To reduce the number of sampling steps from $T$ to $K$, we use $K$ evenly spaced real numbers between 1 and $T$ (inclusive), and then round each resulting number to the nearest integer. In Figure 8, we evaluate FIDs for an $L_{\text{hybrid}}$ model and an $L_{\text{simple}}$ model that were trained with 4000 diffusion steps, using 25, 50, 100, 200, 400, 1000, and 4000 sampling steps. We do this for both a fully-trained checkpoint, and a checkpoint mid-way through training. For CIFAR-10 we used 200K and 500K training iterations, and for ImageNet-64 we used 500K and 1500K training iterations. We find that the $L_{\text{simple}}$ models with fixed sigmas (with both the larger $\sigma_t^2 = \beta_t$ and the smaller $\sigma_t^2 = \tilde{\beta}t$) suffer much more in sample quality when using a reduced number of sampling steps, whereas our $L{\text{hybrid}}$ model with learnt sigmas maintains high sample quality. With this model, 100 sampling steps is sufficient to achieve near-optimal FIDs for our fully trained models.

Parallel to our work, [13] propose a fast sampling algorithm for DDPMs by producing a new implicit model that has the same marginal noise distributions, but deterministically maps noise to images. We include their algorithm, DDIM, in Figure 8, finding that DDIM produces better samples with fewer than 50 sampling steps, but worse samples when using 50 or more steps. Interestingly, DDIM performs worse at the start of training, but closes the gap to other samplers as training continues. We found that our striding technique drastically reduced performance of DDIM, so our DDIM results instead use the constant striding[^1] from [13], wherein the final timestep is $T-T/K+1$ rather than $T$. The other samplers performed slightly better with our striding.
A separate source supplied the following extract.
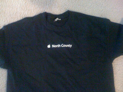 Apple also recently opened a shop in nearby Carlsbad, but PC didn’t make the trip. Apparently, lovers of sensible ties and cheap hucksterism prefer Escondido. Click through for a shot of the North County T-Shirt and another pic of PC on duty.

[^1]: We additionally tried the quadratic stride from [13], but found that it hurt sample quality when combined with our cosine schedule.

5. Comparison to GANs

Section Summary: This section compares improved diffusion models to GANs, like BigGAN-deep, on generating class-specific images from the ImageNet dataset at 64x64 resolution, using metrics such as FID for overall quality, precision for how realistic samples are, and recall for how well they cover the variety in the data. A larger diffusion model outperforms BigGAN-deep with the best FID score of 2.92 and strong recall at 0.71, showing it produces diverse samples across classes like birds and animals, while BigGAN excels more in precision but falls short on diversity. Overall, the results suggest diffusion models are superior at capturing the full range of possibilities in the image distribution compared to GANs.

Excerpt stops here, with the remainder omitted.